The Big Myth
- Author: Naomi Oreskes; Erik M. Conway;
- Subject: Politics of science, Market fundamentalism
- Publisher: Bloomsbury Publishing (2023)
- Pages: 565
- ISBN: 978-1-63557-357-2
- OCLC: 1369492221

= The Big Myth =

2023 book by Naomi Oreskes and Erik M. Conway

The Big Myth: How American Business Taught Us to Loathe Government and Love the Free Market is a non-fiction book written in 2023 by American historians of science Naomi Oreskes and Erik M. Conway.

It claims to identify a century-long disinformation campaign to convince the American public of a market-first approach to politics. Oreskes and Conway follow the history of corporations and businessmen coordinating with figures from across political, cultural and intellectual spheres who, the authors argue, used methods ranging from storytelling and textbooks with biased information to outright censorship.

== Background ==
During the research for Oreskes and Conway's previous book, Merchants of Doubt, the authors kept stumbling across a larger pattern of general anti-government ideas.
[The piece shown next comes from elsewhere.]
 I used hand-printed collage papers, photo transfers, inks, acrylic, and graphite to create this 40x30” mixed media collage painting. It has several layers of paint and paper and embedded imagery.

As their research gradually began to suggest coordination in the efforts to spread these ideas, they decided this should be the subject of its own book.
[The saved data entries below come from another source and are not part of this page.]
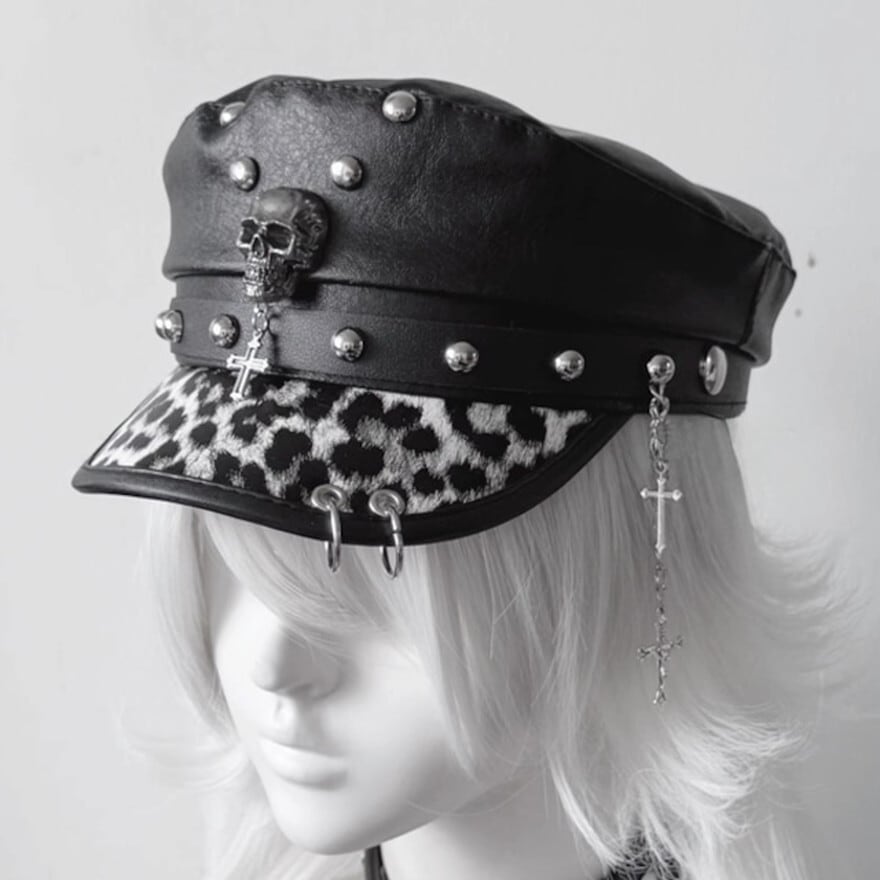 スカルスタッズ キャップ ゴスロリ PUレザー ライブ パンクファッション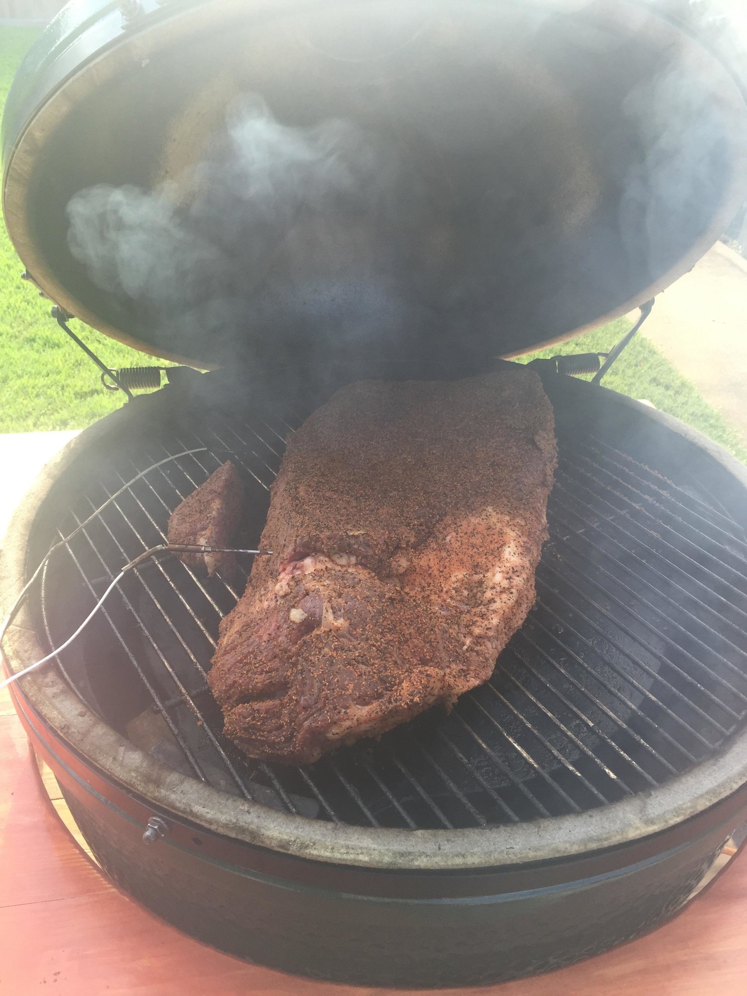 Please do think about using a drip pan elevated a little above the plate setter - not for water, but to catch the fat drippings. Fat dripping onto hot coals will yield a good taste, but smoking fat on a hot plate setter ... not so much.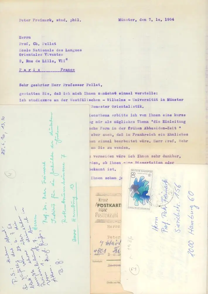 [1.] Durchschlag eines maschinenschriftl. Briefes (Münster 7.10.1964) von Peter Freimark an Prof. Ch. Pellat in Paris wg. Abklärung von Freimarks geplantem Dissertations-Thema "Die Einleitung arabischer Bücher als literarische Form in der frühen Abassiden-Zeit". 1967 erschien seine Dissertation unter dem Titel "Das Vorwort als literarische Form in der arabischen Literatur". - [2.] Maschinenschriftl. Postkarte des Orientalisten Karl-Heinz Pampus (Bonn 15.8.66) mit eigenhändiger Unterschrift: "In medias res: die strittige Arbeit liegt mir vor, - d. h. es ist keine eigentliche Arbeit, sondern lediglich ein wiss. Aufsatz von acht doppelspaltigen Quartseiten - also wohl keine Konkurrenz für eine Diss., el-hamdulüllah!... Herzl. Grüße für Weib und Mutter! Dein Pimp". - Leicht gebräunt. - [3.] Handschriftl. Kärtchen (6,5 x 12,5 cm) des Hamburger Druckers und Verlegers Kurt J. Christians für die Zusendung eines Saas-Fée-Artikels: "Mußte ihn gleich im Kontor lesen, großartig geschrieben". - [4.] Kopie der Dankesrede von Barbara Gerber anlässlich der Verleihung des Kurt-Hartwig-Siemers-Preises 1989 für ihre Arbeit "Jud Süß. Aufstieg und Fall im 18. Jahrhundert". Mit handgeschrieb. Umschlag (Adresse, Absender und Postskriptum). - [5.] Maschinenschriftl. Brief des ehemaligen Hamburger Kultursenators Wolfgang Tarnowski (dat. 13.3.1991) mit eigenhändiger Unterschrift. "Hut ab vor so viel Fleiß und Gelehrsamkeit... Es ist einfach fabelhaft, was für eine Förderung von Ihrem Institut ausgeht.". - Der Judaist und Islamkundler Peter Freimark (1934-2008) leitete von 1972 bis 1993 das "Institut für die Geschichte der deutschen Juden" in Hamburg und publizierte u.a. zur Geschichte der Hamburger Juden, zu den Weltreligionen u.a.m. und widmete sich intensiv den Fragen historischen Erinnerns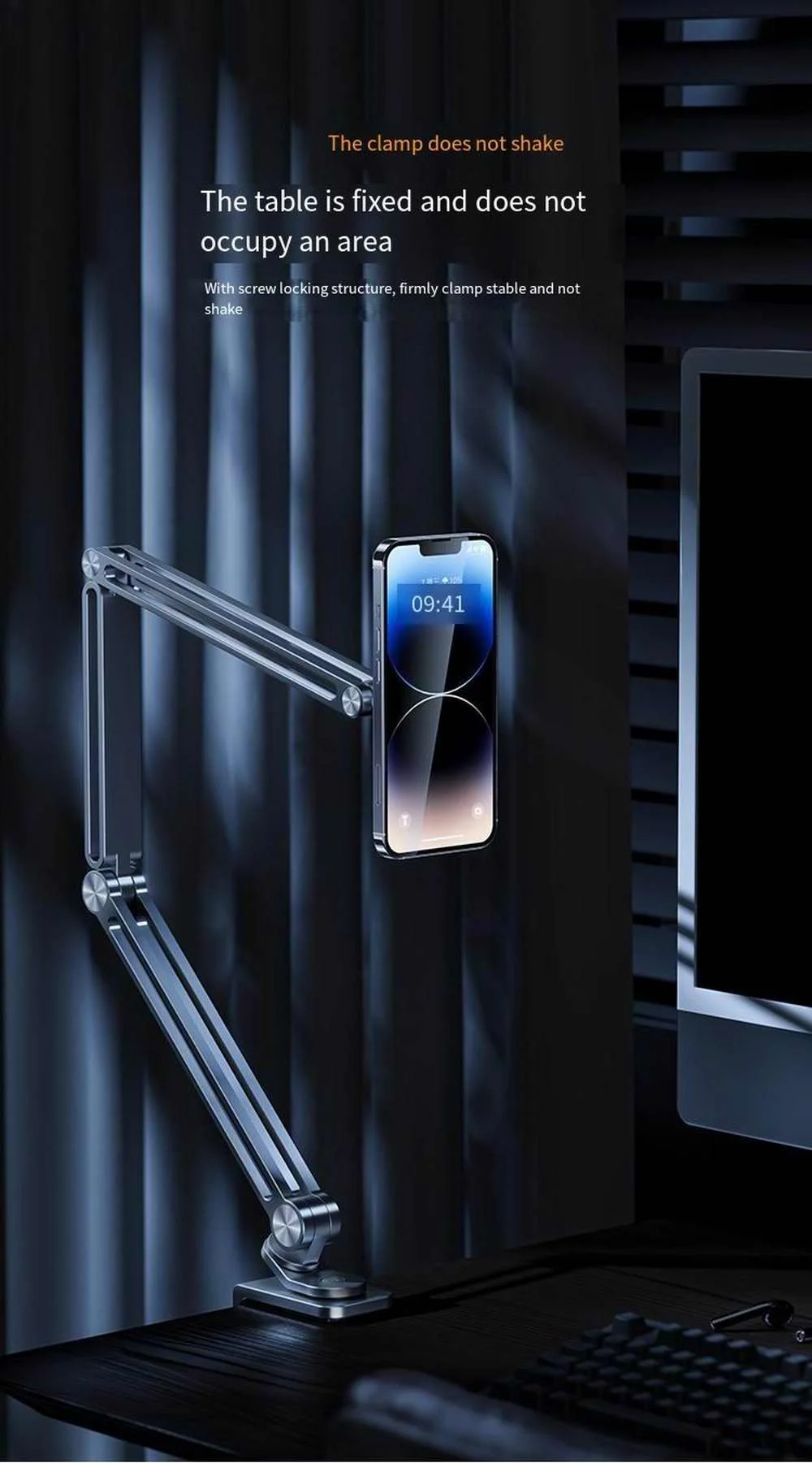 La abrazadera de escritorio soporta un máximo de 2 pulgadas o menos, cuando necesite ajustar la fuerza de las juntas, hágalas más apretadas, sueltas o bloqueadas

The authors also describe that Senator Tim Wirth encouraged them to write a companion book describing what to do about their previous findings. While not a manual on countering politically motivated science denial, The Big Myth explains the "why" of science denial while Merchants of Doubt provides the "how".

== Summary ==
Oreskes and Conway argue that owners of large businesses have twisted Adam Smith's original, nuanced ideas of capitalism and the appropriate use of markets into a version serving mainly their own interests. Through a process of omission, reframing, propaganda and networking, they spread a new, free market fundamentalist ideology, estranged from the more socially-minded versions of capitalism that earlier thinkers proposed.

The authors show that this was accomplished by taking originally anti-New Deal arguments and building false academic legitimacy on them, while also making inroads in different communities, such as religious groups, entertainment, educational institutions and radio shows.
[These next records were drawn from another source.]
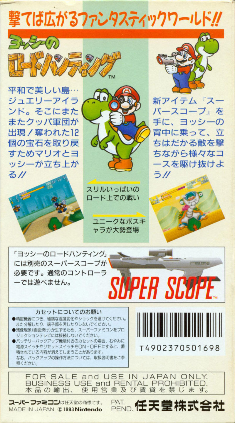 The game could be played by one player with the Super Scope, or by two players, with the second controlling Yoshi's movement with a controller. |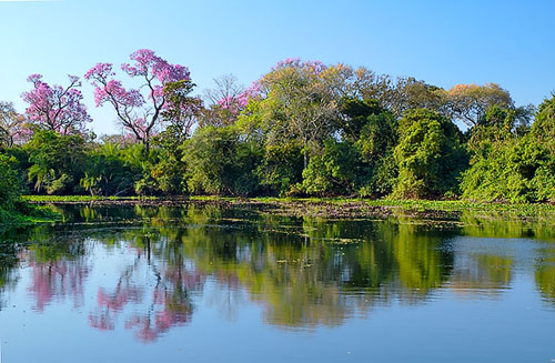Maior planÃcie inundável do planeta, o Pantanal é uma extraordinária reserva da vida selvagem. As aves voam aos bandos, os peixes são abundantes e há uma profusão de espécies como jacarés, cervos, tamanduás e até ariscas onças-pintadas. Tudo ao alcance da vista. Considerada a maior área úmida do planeta, a variedade de bichos espanta. O pantanal é bem estruturado na rede de hotéis e pousadas, onde ficam distribuÃdas no entorno do Pantanal.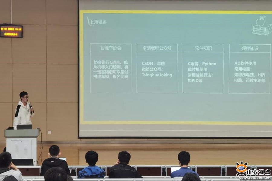 [本站讯]为引导学生明确学涯职涯发展目标,增强学生对科创竞赛知识的深入了解,提高工科生的实践能力,培养创新思维,4月9日,控制学院举办第三期“青年说”科创经验交流会。本次讲座主讲人是2017级自动化科学班宋睿和2018级卓越工程师班张步喆两位同学。宋睿以“科创与保研的关系”这一问题为切入点,结合当今国家科创战略、学校学院政策等进行分析,并讲解了电子设计竞赛的相关事项;张步喆通过讲解智能车车模、主控芯片等知识,深入浅出地为同学们介绍了智能车竞赛的相关赛制流程。交流分享的最后阶段,宋睿和张步喆解答了同学们关于科创竞赛的问题。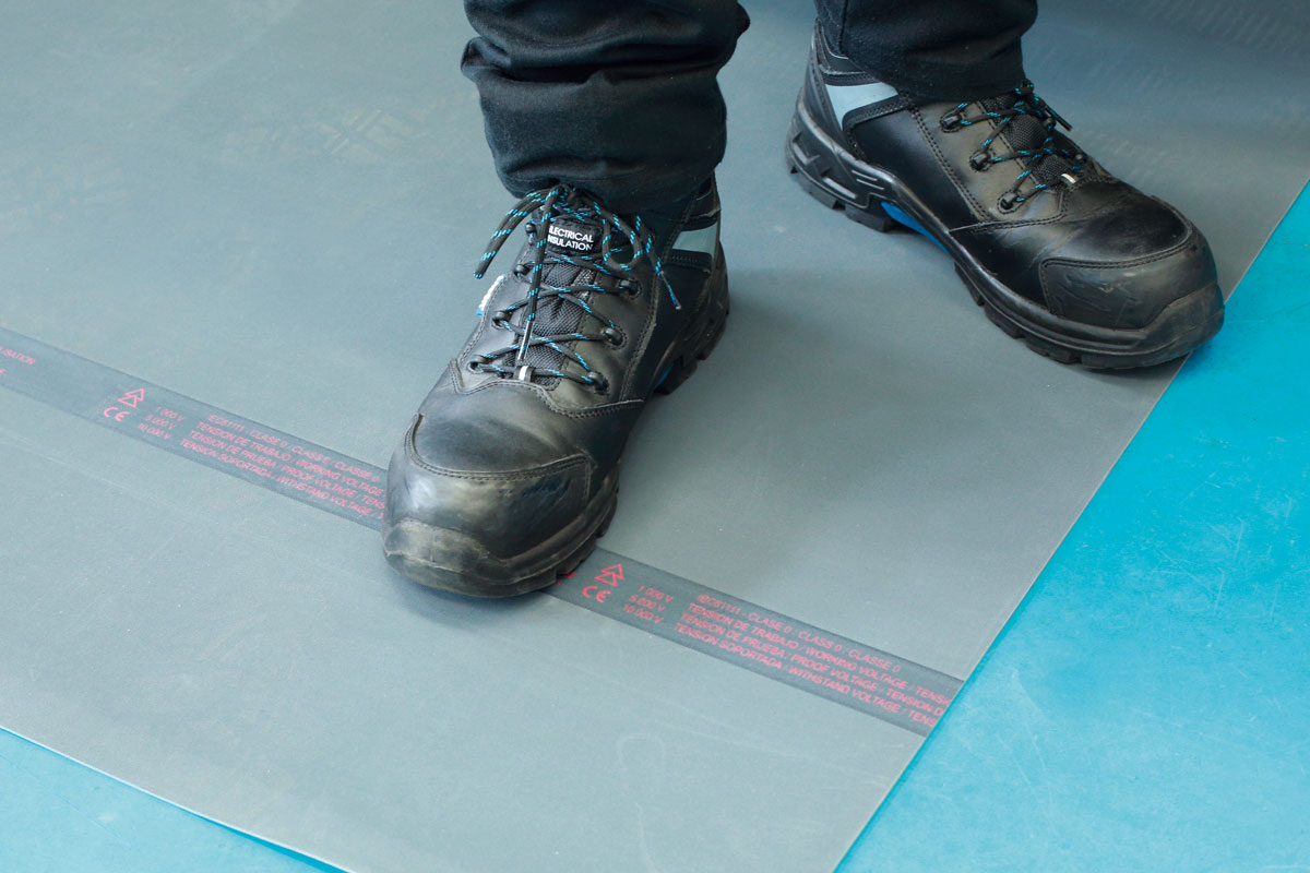 Flammhemmende, säure- und alkalibeständige, elektrisch isolierende Bodenmatte, 1 m² groß, Klasse 0 für Arbeitsspannungen bis zu 1 kV, geprüft nach IEC 61111, dadurch geeignet für den Einsatz in der Automobilindustrie, einschließlich Arbeiten an Elektro- und Hybridfahrzeugen. Langlebige Konstruktion, 1,5 cm dick, mit fein geriefter, rutschfester Unterseite für hervorragenden Halt, Oberseite in Textiloptik. Ein unverzichtbares Sicherheitselement für die Werkstatt, mit Nylontasche für die Aufbewahrung.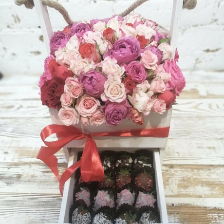 Закажите Пионовидные кустовые розы с клубникой в шоколаде с доставкой в Москве и МО.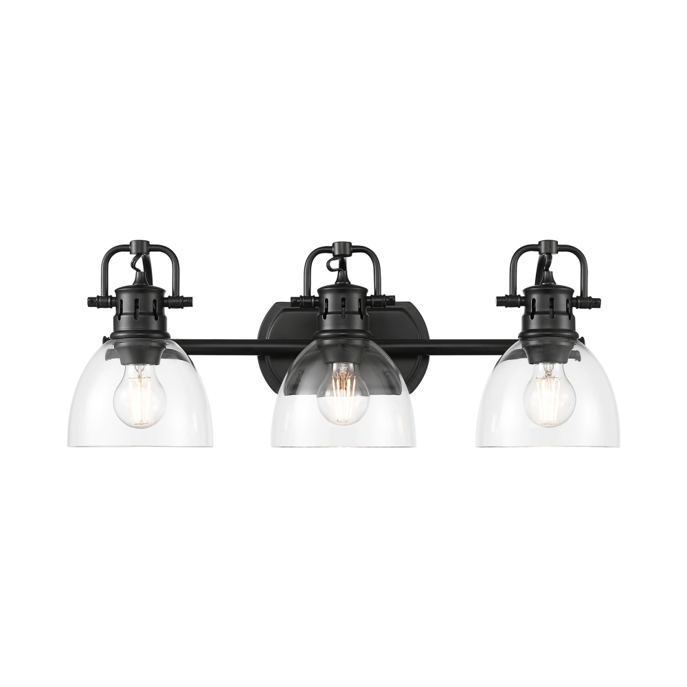 Bring farmhouse elegance into your home with the Yep by Golden Lighting Duncan 3-light Vanity. Featuring a Clear Glass shade and a Matte Black frame, it creates a welcoming atmosphere. This Clear Glass shade is polished to a high-gloss shine, allowing brilliant, unobstructed light to shine through. The transparent design pairs beautifully with the timeless Matte Black finish, highlighting the fixture's simplicity and sophistication. Brighten up bathrooms with dedicated lighting that flatters while providing practical task illumination. Rated for damp locations, this fixture is suitable for covered and semi-enclosed spaces with occasional moisture. The adjustable directional heads allow you to customize the lighting to highlight specific areas. Overall Dimensions: 24.5"W x 8.5"H x 8.25"D, and requires 3 E26 Medium base bulbs (not included), with a maximum wattage of 100 per bulb. Enhance your space with the quality craftsmanship of Yep by Golden Lighting, adding both style and function to your bathroom decor.

The book begins by describing the first organizations to champion free-market fundamentalism for their financial gain, the National Association of Manufacturers (NAM) and the National Electric Light Association (NELA). The authors focus on their methods of disinformation. The associations wanted to convince the public that government intervention to regulate or direct the economy (such as through supporting rural electrification) was both against the American way of life and ineffective. Conway and Oreskes describe how NAM introduced the concept of a "tripod of freedom," claiming that market freedom is necessary for political freedom and representative democracy, where the last two cannot coexist without the first. The book shows that while NAM and its allies were unsuccessful in spreading this idea during the New Deal era, changing public perception on the nature of freedom would remain central to their strategy.

The authors then move on to the 1950s-1970s, describing how the groundwork laid by NAM and NELA was taken up by influential businessmen to fight the implementation of the New Deal. These actors do this through different astroturfing efforts in education, religion, entertainment, and academia. The authors criticize that business tycoons artificially selected and bankrolled anti-communist and free-market fundamentalist thinkers in each of these sectors. For example, they paid the salaries of academics such as Ludwig von Mises and Milton Friedman, whose ideas were previously met with academic skepticism, and distributed copies of Ayn Rand's writings for free.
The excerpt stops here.